The UV-vis spectrum of PETBP in acetonitrile is shown in Fig. 1. As clearly visible in the figure, it is characterized by a very intense Soret band peaked at 456 nm and by a less intense Q band peaked at 655 nm, as usual in porphyrin spectra. The extension of the aromatic core, to the four benzene rings fused onto the benzoporphyrin macrocycle is expected to produce a drastic lowering of the energy of the electronic π–π* transition with respect to porphyrins.

Fig. 1 Normalized spectra of PETBP in acetonitrile solution (solid) and onto TiO₂ (dotted).

As an example, the comparison between the spectra of zinc tetraphenyl-porphyrin (Zn-TPP) and zinc tetrabenzoporphyrin shows that the Soret and Q band of the latter one are both red-shifted (433 vs. 423; 631 vs. 548 nm).^34,35 Moreover, the introduction of phenyl substituents in the meso positions produces a further bathochromic shift as reported for the spectrum of zinc tetraphenyl-tetrabenzoporphyrin (445 nm/656 nm).³⁶

PETBP holds three phenyl groups and the ethynylbenzoic moiety onto the meso positions of the tetrabenzoporphyrins core, its spectrum is quite typical for such kind of macrocycle and the unsymmetrical substitutions result only in a slight red-shift of the Soret band.

Both absorption bands are sharp enough to indicate that possible aggregation phenomena in solution are not relevant in the present conditions.

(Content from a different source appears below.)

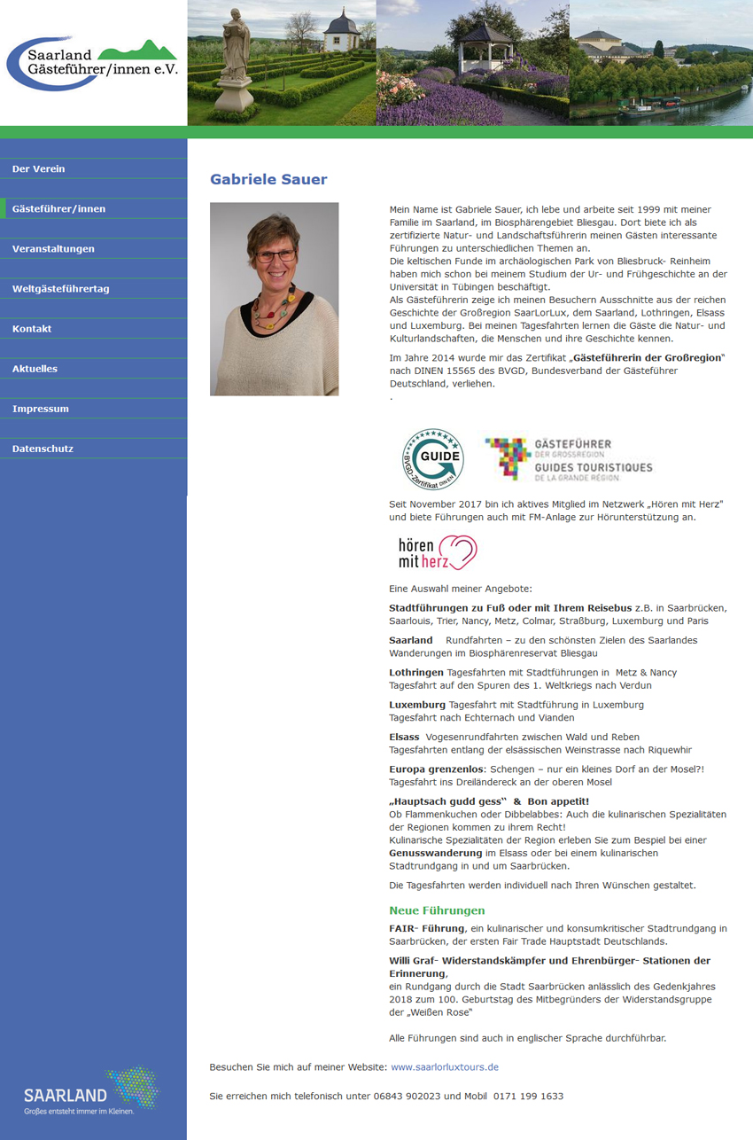 Schön, dass Sie da sind! Mein Name ist Gabriele Sauer und ich lebe seit 1999 mit meiner Familie im Saarland, mitten im UNESCO-Biosphärenreservat Bliesgau. Dort biete ich als geprüfte Natur- und Landschaftsführerin interessante und unterhaltsame Exkursionen zu unterschiedlichen Themen an. Als zertifizierte Gästeführerin der Großregion nehme Ich biete Ihnen neben einer kompetenten Reiseleitung und Busbegleitung auch ortskundige Stadtführungen sowie geführte Wanderungen an. Menschen mit besonderen Bedürfnissen liegen mir dabei besonders am Herzen! Ich berate Sie gerne – Rufen Sie einfach an SaarLorLuxTours |

The occurrence of more than one absorption bands in the visible region of the spectrum is a promising feature because it can improve the harvesting of solar radiation. Both the Soret and Q bands are still present in the absorption spectrum of the dye anchored to TiO₂. Although their shapes are slightly broader than the corresponding bands in solution, no significant wavelength shifts are found. Band broadening of a dye loaded on a semiconductor thin layer may be generally due to the scattering effect of the films or to the molecular aggregation. Both effects seem to be negligible in our case even if molecular aggregation is very common in this class of dyes. As discussed below, this could be one of the effects of molecular distortion in PETBP.

Fluorescence measurements

The fluorescence properties of PETBP have been studied in solution and with the molecule bonded to TiO₂ and ZrO₂ films, in order to estimate the yield of charge injection into the semiconductor conduction band and, in turn, the occurrence of an effective photovoltaic effect in a DSSC device. Measuring the quenching of the supported dye emission is a relatively straightforward qualitative method to estimate its ability to inject photogenerated electrons into the empty electronic states of TiO₂. The measurement is performed by comparison with a semiconductor substrate where charge injection is forbidden for energetic reasons: ZrO₂ is often chosen as an electro-optically inert substrate because its conduction band edge, significantly higher than that of TiO₂, is energetically out of reach by the lowest-energy excited state of most dyes. Moreover, ZrO₂ can be obtained in reasonably transparent films, thus minimizing scattering interferences during emission measurements. Its surface chemistry is also similar to that of TiO₂, resulting therefore in a similar dye loading when the samples are prepared in the same conditions.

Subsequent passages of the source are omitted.